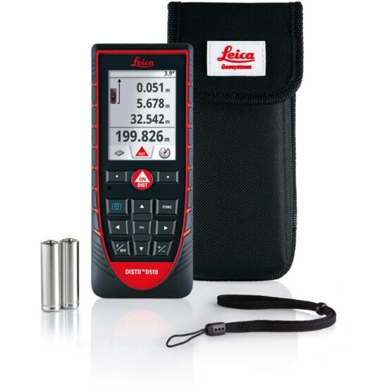 The Leica DISTO™ D510 is an easy to use laser distance meter with an intuitive interface and 200m range. The Pointfinder with 4x zoomallows for accurate measuring where there is no reflective target which can occur when working outside in bright conditions. The 360° tilt sensor can measure both angles and distances and can be used in conjunction with the Pointfinder to provide indirect measurements.
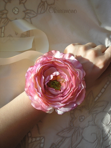 Украшение для подруг невесты, в виде цветка. Поменяв длину ленты, его можно использовать и как украшение для головы, шеи или талии. Размер цветка: 10 x 10 см. Используемые материалы: хлопок, атласные ленты, бусины, декоративные тычинки.
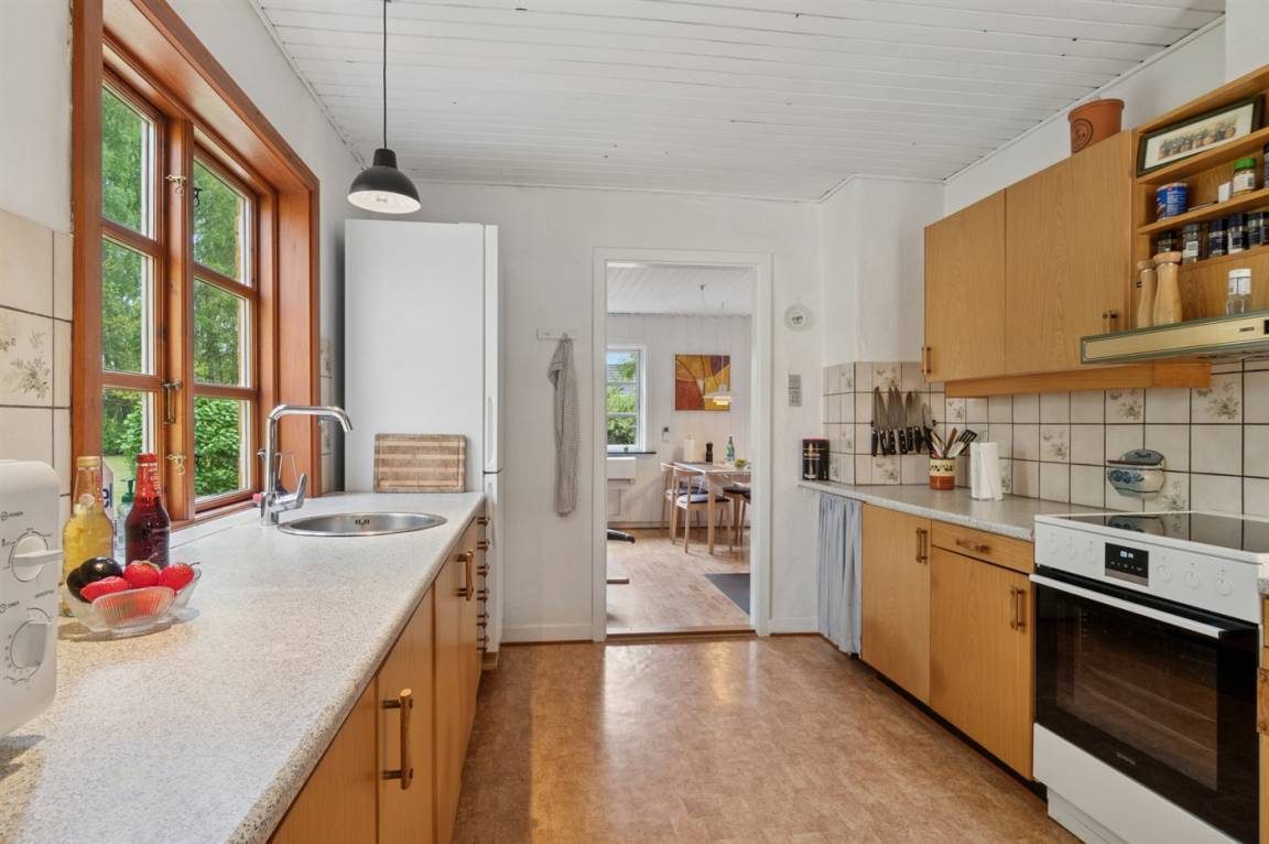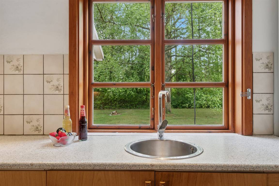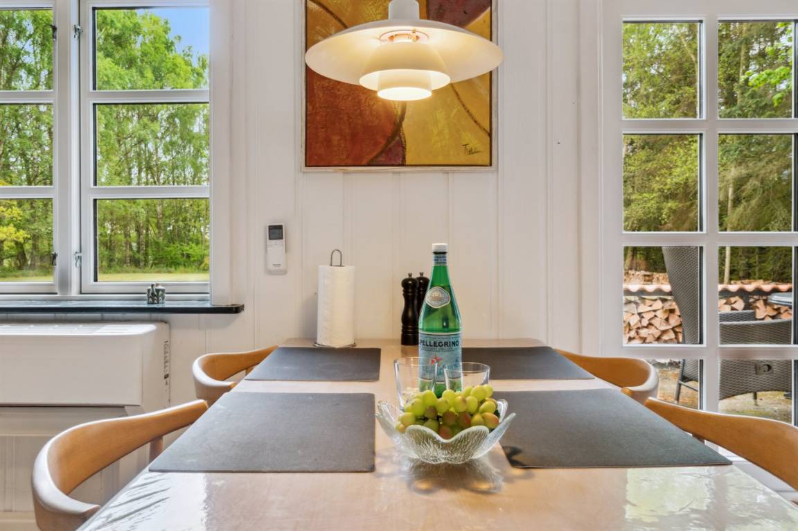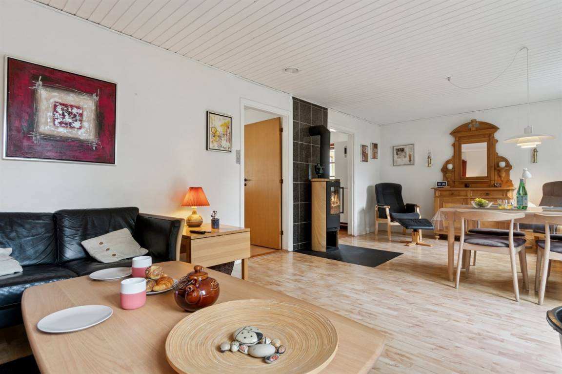 Absolut ruhige Lage, bei der ihr sofort spürt, wie nah ihr der Natur seid – in einem kleinen Ferienhausgebiet in ländlicher Umgebung. Das gepflegte und ganzjährig isolierte Ferienhaus liegt auf einem größeren Grundstück, das von Bäumen umgeben ist – abgeschirmt und mit nur wenigen Nachbarn.
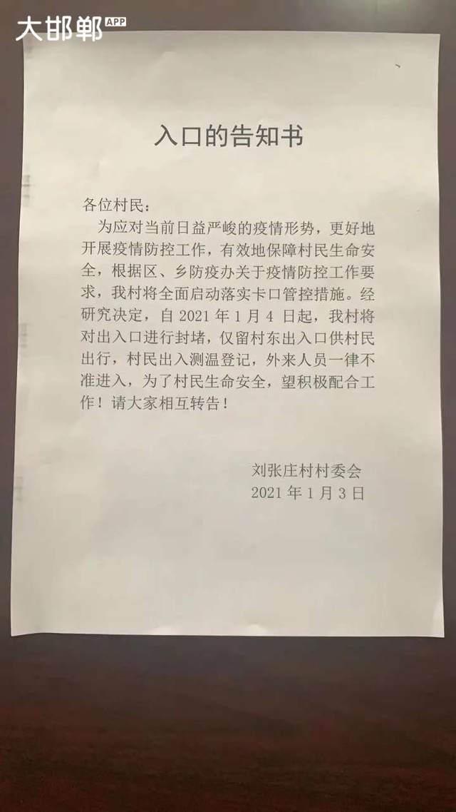 邯郸一村支书喊话:大家都要注意了啊,随时做好一切防疫准备!
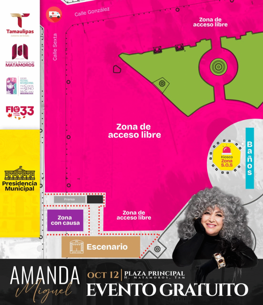 H. Matamoros, Tamaulipas.– El Gobierno de Beto Granados dio a conocer el croquis oficial del concierto gratuito de Amanda Miguel, que se llevará a cabo este domingo 12 de octubre en la Plaza Principal.
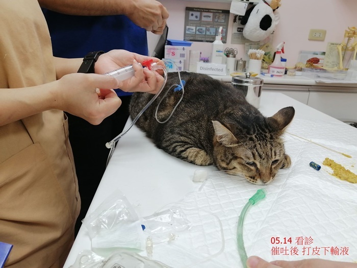 吐出來後 醫師打一劑皮下解掉止吐 及皮下輸液、觀察半小時

──────

** Task **
Only exact duplicates of the lines from the one containing "Украшение для подруг" through the final line of the entries, both included, are needed, with pictures left out.

** Expected answer **
 Украшение для подруг невесты, в виде цветка. Поменяв длину ленты, его можно использовать и как украшение для головы, шеи или талии. Размер цветка: 10 x 10 см. Используемые материалы: хлопок, атласные ленты, бусины, декоративные тычинки.
 Absolut ruhige Lage, bei der ihr sofort spürt, wie nah ihr der Natur seid – in einem kleinen Ferienhausgebiet in ländlicher Umgebung. Das gepflegte und ganzjährig isolierte Ferienhaus liegt auf einem größeren Grundstück, das von Bäumen umgeben ist – abgeschirmt und mit nur wenigen Nachbarn.
 邯郸一村支书喊话:大家都要注意了啊,随时做好一切防疫准备!
 H. Matamoros, Tamaulipas.– El Gobierno de Beto Granados dio a conocer el croquis oficial del concierto gratuito de Amanda Miguel, que se llevará a cabo este domingo 12 de octubre en la Plaza Principal.
 吐出來後 醫師打一劑皮下解掉止吐 及皮下輸液、觀察半小時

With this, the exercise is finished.